Some are okay, but most are pretty forgettable when they aren't terrible (though there are some "memorable" stinkers in the mix), which is just part of why my favorite would have to be H1: Keep on the Shadowfell, aka a shining example that Mike Mearls has no fucking clue what to do with 4th Edition (which would explain his "warlords shouting wounds closed" statement).
To be fair it's not the worst published adventure out there, but between the fucking nonsense plot, confusing motivations of the utterly inept villain (who also left letters on his hired help, and was trying to open a portal to a plane that was in fact not inhabited by the guy he was trying to summon), and seemingly random assortment of monsters it comes pretty damned close. So if it's not the worse, and certainly not the best, why the hell am I choosing it?

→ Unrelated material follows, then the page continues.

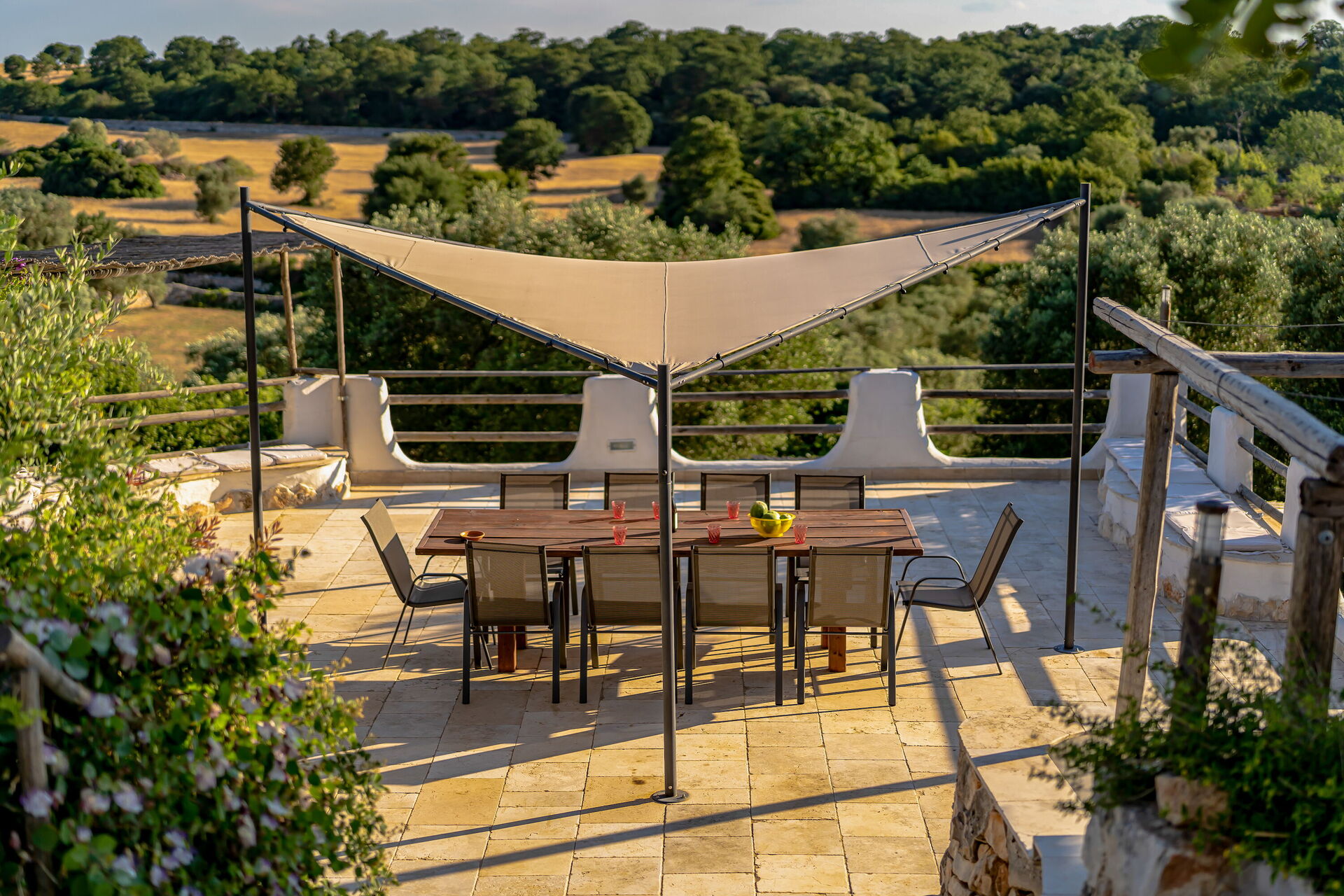 Wanneer u aankomt wordt u ontvangen door de eigenaar of beheerder en vindt u een mooie, schone en goed onderhouden woning met uitzicht over de heuvels perfect voor een geweldige vakantie in Apulië. Hoe u de dagen ook doorbrengt - musea bezoek, met excursies, winkelen of rijdende door het prachtige landschap, zodra u thuis komt kunt u uitrusten samen met familie en vrienden bij het zwembad voor een perfecte afsluiting van nog weer een dag in Apulië. Op het terrein is er voor uw genoegen een jacuzzi, patio en barbecue. Als u van koken houdt is er een goed uitgeruste keuken met o.a. koffiezetapparaat, broodrooster, fornuis en ijskast en natuurlijk voldoende servies en bestek voor tot 11 personen. Als u liever buiten eet is er een veranda met tuinmebilair waar u van het weer kan genieten terwijl u buiten eet.

Because ironically it is the adventure that I have simultaneously run the most, and put the most work into improving (as well as converting it to 5th Edition and doing a post on running it in Dungeon World). My group was barely able to get through it the first time because of how retarded it was, so after that I started just pulling shit out of my ass and largely make it up on the fly, only keeping the general idea that there were kobolds doing kobold things, and a death cult doing death cult things.

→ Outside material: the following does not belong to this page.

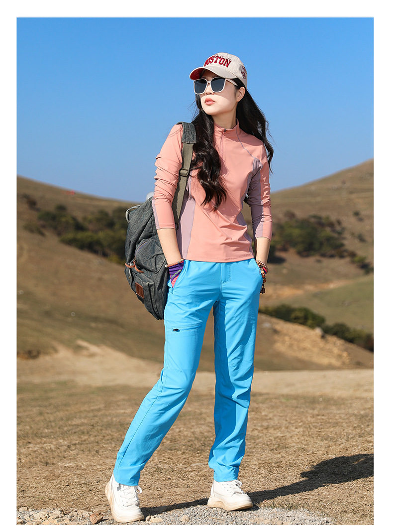 여성용 야외 얇은 탄성 속건성 바지, 땀 흡수성, 통기성, 슬리밍, 하이킹 및 등산, 여름용 여성용 속건성 바지스토어 가기

I blogged numerous times about the changes I made, and eventually compiled all of them into a document that changed virtually every aspect about the adventure, from the kobold lair (which featured a young green dragon as the "end boss"), to the ruins of Shadowfell Keep, to the catacombs underneath (which featured a pair of skill challenges to represent exploring the catacombs and trying to seal the gate). When I started converting it to 5th Edition some areas got improved maps, or maps at all, and both Sir Keegan and the ghost of his wife got more meaningful roles.
Call it a frustrating, sometimes disappointing labor of love. Call it something akin to Stockholm Syndrome. The main point is that in the end this terrible, confusing adventure has given me a lot of laughs (at the writing's expense), and eventually after a lot of work even some good times, and that's why it's my favorite.